Днем с огнем (СИ) - Вран Карина. Страница 26

Открыл пятилитровую бутыль, выплеснул часть воды на проезжую часть. Нагрел лезвие, срезал верхнюю часть бутылки. Увы, караси в стандартное горлышко не пролезли бы. Мелкий еще просочился бы, а крупный наверняка нет.

Переселение рыб состоялось. Ханна ничего не сказала, хотя глаза ее существенно расширились.

— У меня непростые отношения с водными духами, я говорил, — улыбнулся я девушке, прижимая к груди бутыль. — И некоторые из этих духов с юмором.

Похоже, вести в подводном мире разносятся быстро. С Пискаревских прудов до реки Фонтанки волны информации докатились меньше чем за сутки.

— С-сдача, — потянулась Луккунен.

Я остановил ее жестом.

— Купи суперклей для твоих рабочих туфель. Хотя он вонючий, тебе, наверное, неприятно будет. Я, правда, признателен тебе за помощь. Я поговорю со Шпалой. Не в качестве платы за помощь, просто поговорю. Идем?

После всей этой беготни мы довольно долго шли молча, а потом Ханна заговорила. Сам бы я не стал вытягивать из нее откровения, несмотря на любопытство. Личное — есть личное.

Говорила она сбивчиво, путанно, надрывно. Сбивчивости было так много, что я позволю себе пересказ ее истории своими словами.

Ее предки вели род от Лукутар — матери всех чернобурых лисиц по верованиям финнов. Лукутар была дочерью Тапио, хозяина лесного. У самого Тапио две звериные, "сильные" личины: медведь и лось, и для простых людишек лик старца седобородого.

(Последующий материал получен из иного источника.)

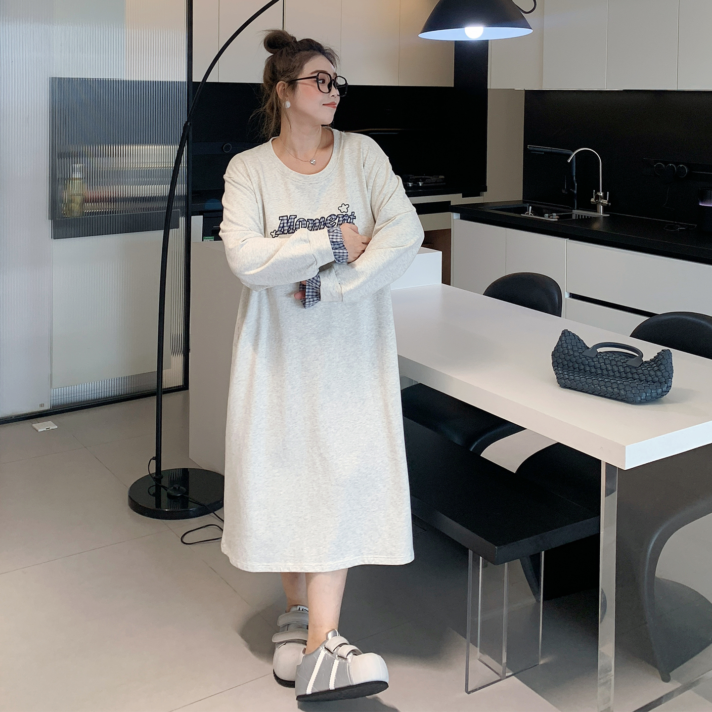 过膝毛衣裙子 长款 吴童自制 灰色慵懒风针织连衣裙女秋冬韩系大码

Вместе с женой Миэллики они правили лесной страной Метсолой (или Тапиолой, я не очень понял двойственности названия — финны сложные). Кроме Лукутар, у лесных правителей были еще дети, со столь же зубодробительными именами, в том числе — Керейтар, мать лисиц. Рыжих лисиц, золотых. Золотая жена. Чья жена — я недопонял, уточнять постеснялся.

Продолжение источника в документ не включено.